Pacific Fighters

1C Maddox crew changes theaters but keeps the core mechanics the same.

With Microsoft seemingly forsaking the Combat Flight Simulator franchise, 1C Maddox has been cleaning the house (albeit a smaller house) of the World War II flight simulation genre. Oleg Maddox's 1C Maddox developing house reached new heights of realism, depth and immersion with IL2: Forgotten Battles, and the company continues to work off that success (and its engine) for Pacific Fighters.

Taking a step back from the already saturated niche of WWII games set in Europe, the game takes place in the Pacific Theater, spanning from Pearl Harbor to Midway, ultimately to Okinawa. Meticulous work went into the researching of islands, airfields, and weaponry, and the quality shows--Pacific Fighters is one of the most immersive WWII flight simulators to date.

Virtual cockpits are stunning as in IL2: FB, and the graphics have been further refined to provide a more realistic atmosphere. Jaw-dropping water reflections and ripples, swaying flight decks of carriers, and the detail to the aircraft (especially when breaking apart) are awe-inspiring. Graphically, the only downsides were the clouds, which only seemed to come in one flavor--low alttitude--and the default skins, which were few and far in between.

Flight physics, the meat of the game, still retained the same level of depth--the problem is it didn't take it any farther. Flight models have been too cookie-cutter since the days of Forgotten Battles; every plane has a bit of an 'Ensign Eliminator' in them, with unsettling and many times unexpected snap stalls--lethal if flying at low altitude, which most of the time you are.

Stalls seem to be determined by a certain threshold level rather than the actual characteristics of the planes in real life; Zeroes, known for their gentle stalls that dip the nose, has jarring rolling stalls just as an F4U, especially in the later A6M5 variants--only difference being the speed at which the snap starts, rather than the angle of attack or the physics involved (such as a shifting boundary layer). Suggested joystick sensitivity inputs help somewhat, but the aircraft themselves still feel twitchy. AI planes especially still move like UFOs, darting and snapping in impossibly agile turns--and still problematically running into each other and into the ground in spurts of inexplicable empty-headedness.

The limitations of the engine especially come clear in a game where the opposing sides used drastically different methods of combat. Because all planes are easily prone to snap stalls, the U.S. is easier and more enjoyable to play--using the "Zoom & Boom" tactic (U.S. favored head-to-head passes at enemies instead of turning with them) removes the threat of virulent stalls, as opposed to "Turn & Burn" tactic (Japanese relied on old-school turning/maneuvering to get behind the enemy's tail), which forces you to fly the fine line between a hard turn and a flat spin stall.
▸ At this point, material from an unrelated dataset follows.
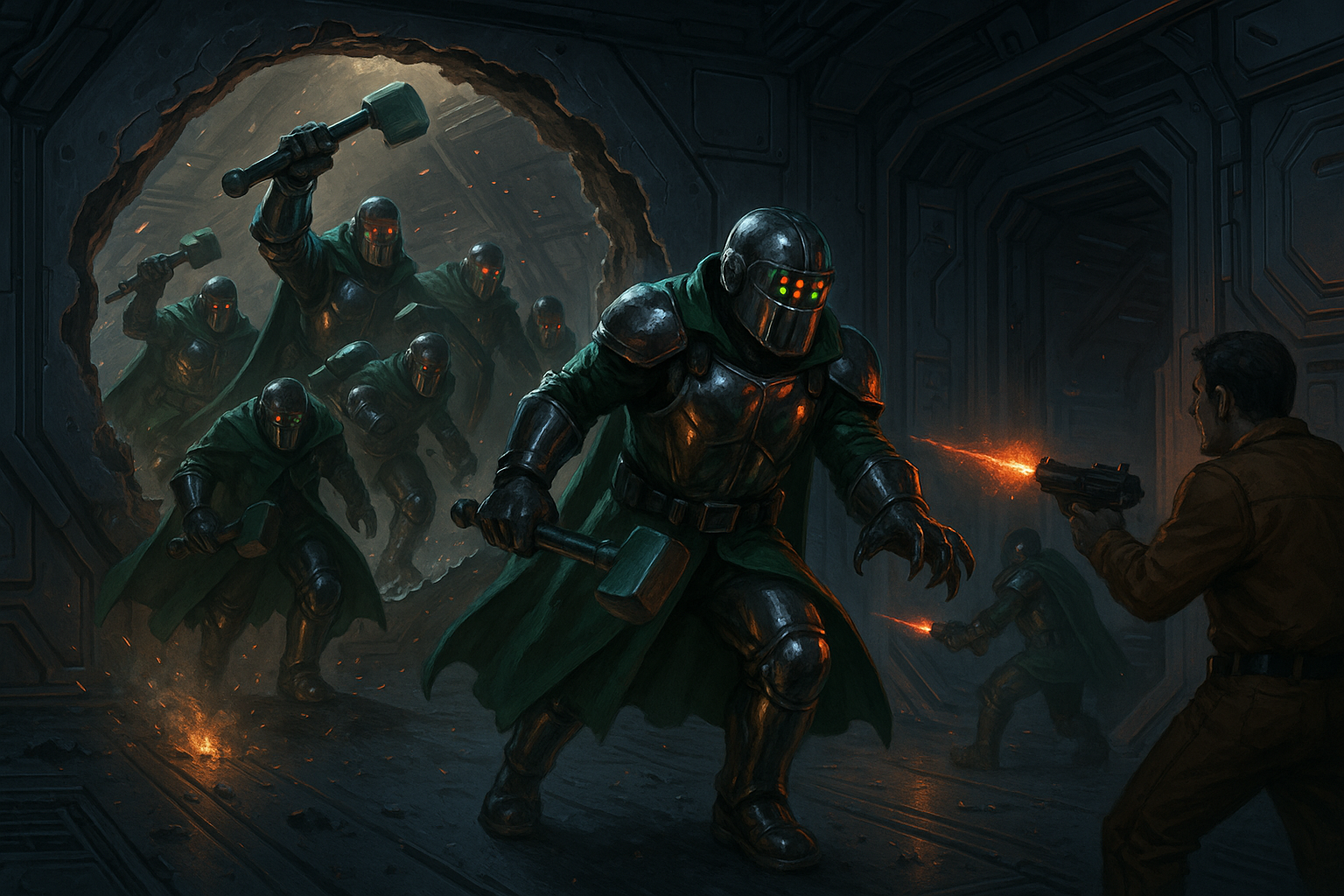 In combat, Our Turn Trogs prefer shock over subtlety. When fighting openly, they wear chromed combat armor polished to a mirror finish and distinctive green longcoats, with gauntlets tipped in claws and faceplates lit by erratic blinking red-and-green LEDs. Their preferred weapons are momentum-amplifying hammers or electron-sheathe batons—close-combat tools suited to their tremendous physical strength and meant to offset their notoriously poor marksmanship.

For the overwhelming majority however, those things don't matter--after all, how many really know that a Zero is supposed to have sluggish controls above 200 knots, and needs a lot of trim to enter a high speed dive? Or that early P-38s really needed to worry about compression in high speed dives? Not many. And ripping a Ki-84 to shreds and seeing pieces of its skin fly off from your blazing .50 caliber machine guns still brings a smile and simple joy--aided by the little touches of oil splattering on windshields, fluttering and creaking noises, and planes that find a different way to explode every time. The exhilaration of getting the enemy in your sights and squeezing the trigger still hasn't worn out, even despite its similarities to FB.
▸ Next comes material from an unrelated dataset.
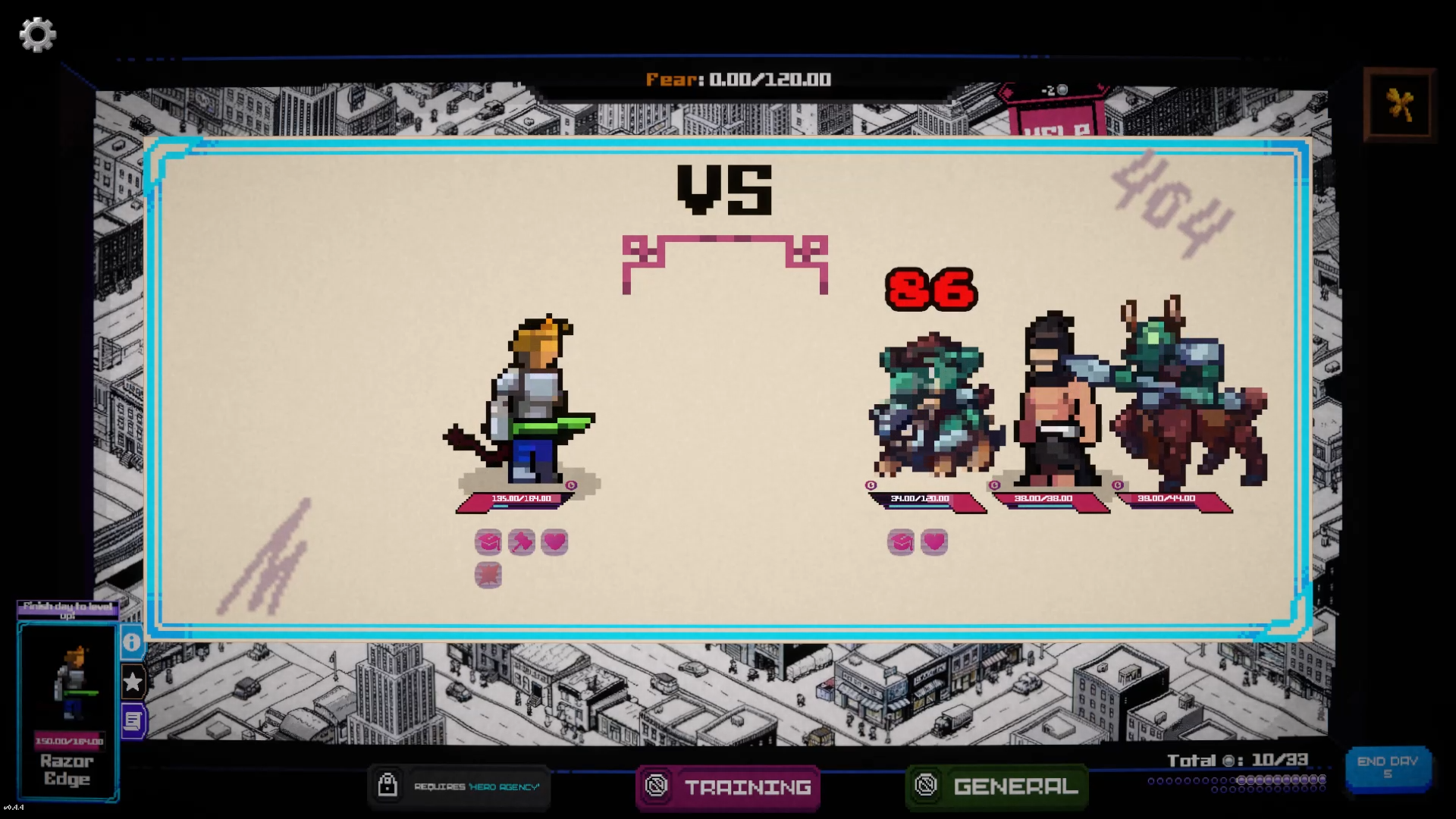 Every enemy you fail to defeat increases the city's >b class="BB_Bold _3cln317VYhwhE1fSeMCG48">Fear. If the Fear Meter fills up, the city collapses into panic, and your career is over.

The addition of carrier ops brings added challenges, and no late-war representation would be faithful to real life without kamikaze interception missions, a nice touch. Dynamic campaign resembles FB, and does alter your experience every time you play, but doesn't change the outcome of the war.

As Forgotten Battles, the fun of the game won't end at release--expect 1C Maddox to continually add more planes to the lineup. Flight model issues aside, the game still contributes to the world of flight simulating--and Pacific Fighters will nevertheless be fondly remembered years later, along with other Pacific sims such as Aces Over the Pacific, 1942: Pacific Air War, and Combat Flight Simulator 2.